Abdul Satar,Zahid Wazir,Muhammad Saeed,Mohammad Arif,Mohammad Inam  ( Department of Orthopedic and Spine Surgery, KGMC Hayatabad Medical Complex, Peshawar. )

December, 2014


Objective: To determine the surgical outcome of patients with axial cervical spine fractures.
Methods: The study was conducted at the Spine Unit of Hayatabad Medical Complex, Peshawar, and Aman Hospital, Peshawar, from January 2012 to March 2013. Patients with sub-axial cervical spine fractures were treated surgically. The outcome was measured using Visual Analogue Score, Neck Disability Index, by neurology and on the basis of complications. SPSS 16 was used for statistical analysis.
Results: Of the 50 patients in the study, 7(14%) were females, while 43(86%) were male.

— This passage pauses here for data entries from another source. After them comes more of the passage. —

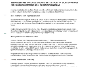 Bestandserhebung 2026: Organisierter Sport in Sachsen-Anhalt erreicht Höchststand beim Organisationsgrad
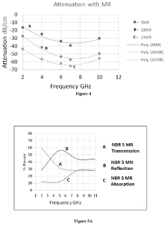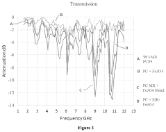 Technical Solution: Nanotech Energy has developed revolutionary graphene-based EMI shielding materials that demonstrate superior performance across an exceptionally wide frequency range (100 MHz to 40 GHz). Their patented graphene-polymer composites achieve shielding effectiveness of 45-70 dB while maintaining flexibility and low weight. The company's proprietary manufacturing process creates highly conductive, defect-free graphene sheets that can be functionalized with various additives to enhance performance in specific frequency bands. For lower frequencies (100-500 MHz), Nanotech incorporates magnetic nanoparticles into their graphene matrix, creating hybrid materials that address both electric and magnetic components of EMI. Their comparative testing has demonstrated that these graphene-based solutions outperform traditional metal shields by 15-30% in the 5-40 GHz range while being 70% lighter. Nanotech's latest innovation combines graphene with MXene materials to create ultra-thin (< 100 μm) shields with exceptional performance in the millimeter wave frequencies (30-40 GHz) increasingly used in 5G communications and automotive radar systems.
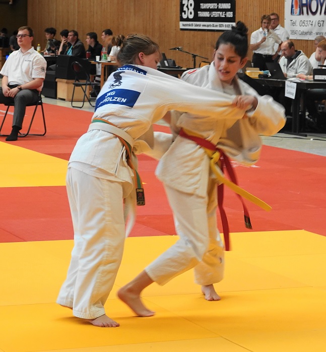 Bente Zöllner holte in der Gewichtsklasse bis 44,0 kg die Bronzemedaille. Nach ihrer Auftaktniederlage in der Vorrunde gegen die spätere Landesmeisterin Lara Pfeiffer aus Braunschweig stand Bente gehörig unter Zugzwang. Unbeeindruckt hiervon bezwang sie im 2. Kampf Tanja Schröder aus Diekholzen mit einem blitzschnellen Stand-Boden Übergang und ihrer anschließenden Spezialumdrehtechnik Sankaku. Nach ihrem Sieg gegen Sarah Peters aus Visbek für zwei Waza ari Wertungen ging es im abschließenden Vorrundenkampf gegen Amalia Ammem vom FC Rastede um den Einzug in das Halbfinale. Mit guten Aktionen im Bodenkampf gewann Bente diesen letzten Vorrundenkampf und sicherte sich damit das Ticket für die Norddeutsche Einzelmeisterschaft.
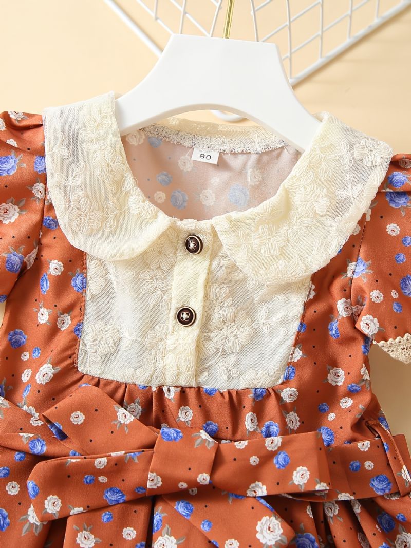 Tyttöjen Nukkekaulus Lyhythihainen Pitsiliitos Mekko Kukkaprintti Vyöllä Lasten Vaatteet
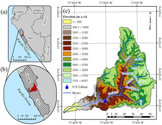 Geographical map of the Pativilca River Basin (a) study area in Peru; (b) study area in Ancash and Lima regions; (c) study area with elevation and rivers in the basin.

Overall mean age was 30.3±7.9 years (range: 18-60 years). Major cause of injury was road traffic accidents in 29(58%). A total of 29(58%) patients had dislocation of the spine which was successfully reduced in 22(75.9%). Mean postoperative visual analogue score was 2.9±1.5 (range: 1-7) at last follow-up. Mean neck disability index score was 10.9±5.2 (range: 4-26). Dysphagia was the most common complication in 12(24%).
Conclusion: Majority of the sub-axial fractures can be treated effectively with good outcome through anterior approach. Gradual axial skull traction is an easy and safe method for reduction of cervical fracture dislocations.
Keywords: Sub-axial cervical spine fractures, Cervicaldiscectomy, Anterior cervical corpectomy, Fusion. (JPMA 64: S-83 (Suppl. 2); 2014).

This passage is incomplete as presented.